“Nec Aspira Terrent" ~ Fawcett family motto which I have seen translated as "fear no obstacles" or "difficulties be damned". I like them both.
What an adventure! This book was a lot of fun, very firmly cemented my desire to never ever go to Amazon jungle and weirdly segues into next book I'm reading so I will log some snippets.
What was true about the region -- serpents as long as trees, rodents the size of pigs -- was sufficiently beyond belief that no embellishment seemed too fanciful. And the most entrancing vision of all was of El Dorado. Raleigh claimed that the kingdom, which the conquistadores heard about from Indians, was so plentiful in gold that its inhabitants ground the metal into powder and blew it "thorow hollow canes upon their naked bodies untill they be al shining from the foote to the head."

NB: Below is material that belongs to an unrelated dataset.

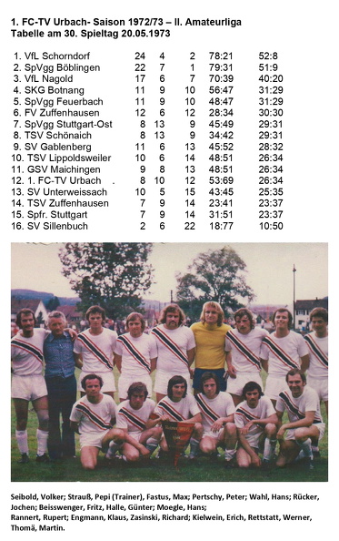 FCTV Urbach Saison 1972 1973 Tabelle 27. Spieltag 29.04.1973 Ergebnisse 21. Spieltag 06.05 1973

Yet each expedition that tried to find El Dorado ended in disaster. Carvajal, whose party had been searching for the kingdom, wrote in his diary, "We reached a [state of] privation so great that we were eating nothing but leather, belts and soles of shoes, cooked with certain herbs, with the result that so great was our weakness that we could not remain standing." Some four thousand men died during that expedition alone, of starvation and disease and at the hands of Indians defending their territory with arrows dipped in poison. Other El Dorado parties resorted to cannibalism. Many explorers went mad. In 1561, Lope de Aguirre led his men on a murderous rampage, screaming, "Does God think that, because it is raining, I am not going to... destroy the world?" Aguirre even stabbed his own child, whispering, "Commend thyself to God, my daughter, for I am about to kill thee." Before the Spanish crown sent forces to stop him, Aguirre warned in a letter, "I swear to you, King, on my word as a Christian, that if a hundred thousand men came, none would escape. For the reports are false: there is nothing on that river but despair."(11)

"Explorers are not, perhaps, the most promising people with whom to build a society. Indeed, some might say that explorers become explorers precisely because they have a streak of unsociability and a need to remove themselves at regular intervals as far as possible from their fellow men."(60)
There is wonderful documentary on Netflix Instant about this amazing story, "Secrets of the Dead: Lost in the Amazon". It will only whet the appetite but lots of photos of stuff/people described in book and other assorted curiosities, definitely recommended!